Most textbooks present the following model for the chemical reactions of a lemon battery. When the cell is providing an electric current through an external circuit, the metallic zinc at the surface of the zinc electrode is dissolving into the solution. Zinc atoms dissolve into the liquid electrolyte as electrically charged ions (Zn^{2+}), leaving 2 negatively charged electrons (e^{−}) behind in the metal:

Zn → Zn^{2+} + 2e^{−} .

This reaction is called oxidation. While zinc is entering the electrolyte, two positively charged hydrogen ions (H^{+}) from the electrolyte combine with two electrons at the copper electrode's surface and form an uncharged hydrogen molecule (H_{2}):

2H^{+}+ 2e^{−} → H_{2} .

This reaction is called reduction. The electrons used in the copper to form the molecules of hydrogen are transferred from the zinc through an external wire connecting between the copper and the zinc. The hydrogen molecules formed on the surface of the copper by the reduction reaction will ultimately bubble away as hydrogen gas.

==Experiment results==
This model of the chemical reactions makes several predictions that were examined in experiments published by Jerry Goodisman in 2001. Goodisman notes that numerous recent authors propose chemical reactions for the lemon battery that involve dissolution of the copper electrode into the electrolyte. Goodisman excludes this reaction as being inconsistent with the experiments, and notes that the correct chemistry, which involves the evolution of hydrogen at the copper electrode but also can use silver instead of copper, has been known for many years. Most of the detailed predictions of the model apply to the battery's voltage that is measured directly by a meter at open circuit (nothing else is connected to the battery). When the electrolyte was modified by adding zinc sulfate (ZnSO_{4}), the voltage from the cell was reduced as predicted using the Nernst equation for the model. The Nernst equation essentially says how much the voltage drops as more zinc sulfate is added. The addition of copper sulfate (CuSO_{4}) did not affect the voltage. This result is consistent with the fact that copper atoms from the electrode are not involved in the chemical reaction model for the cell.

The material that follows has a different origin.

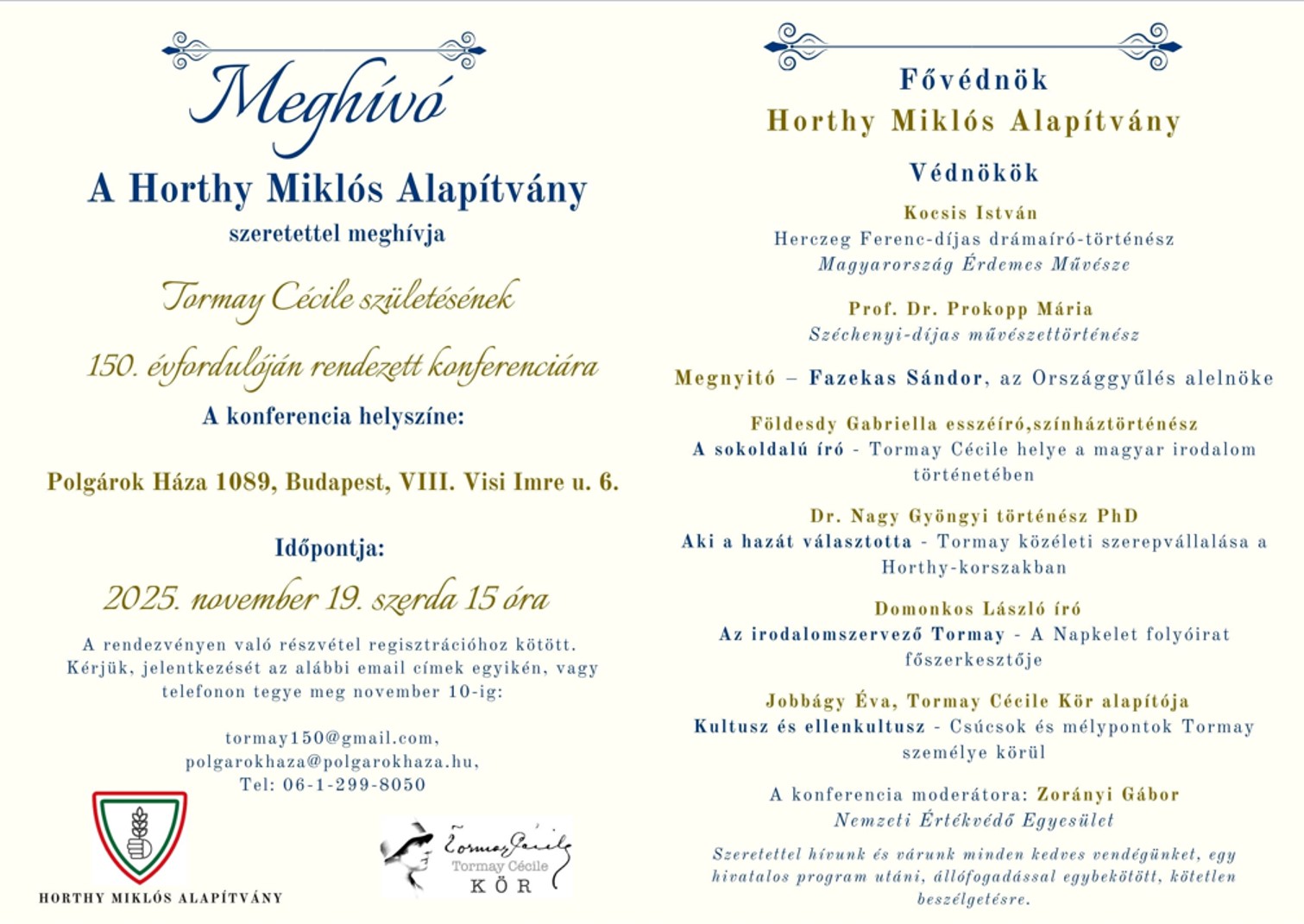 Subject: Meghívó konferenciára Tormay Cécile 150. születésnapja alkalmából

When the battery is hooked up to an external circuit and a significant electric current is flowing, the zinc electrode loses mass, as predicted by the zinc oxidation reaction above. Similarly, hydrogen gas evolves as bubbles from the copper electrode. Finally, the voltage from the cell depended upon the acidity of the electrolyte, as measured by its pH; decreasing acidity (and increasing pH) causes the voltage to fall. This effect is also predicted by the Nernst equation; the particular acid that was used (citric, hydrochloric, sulfuric, etc.) does not affect the voltage except through the pH value.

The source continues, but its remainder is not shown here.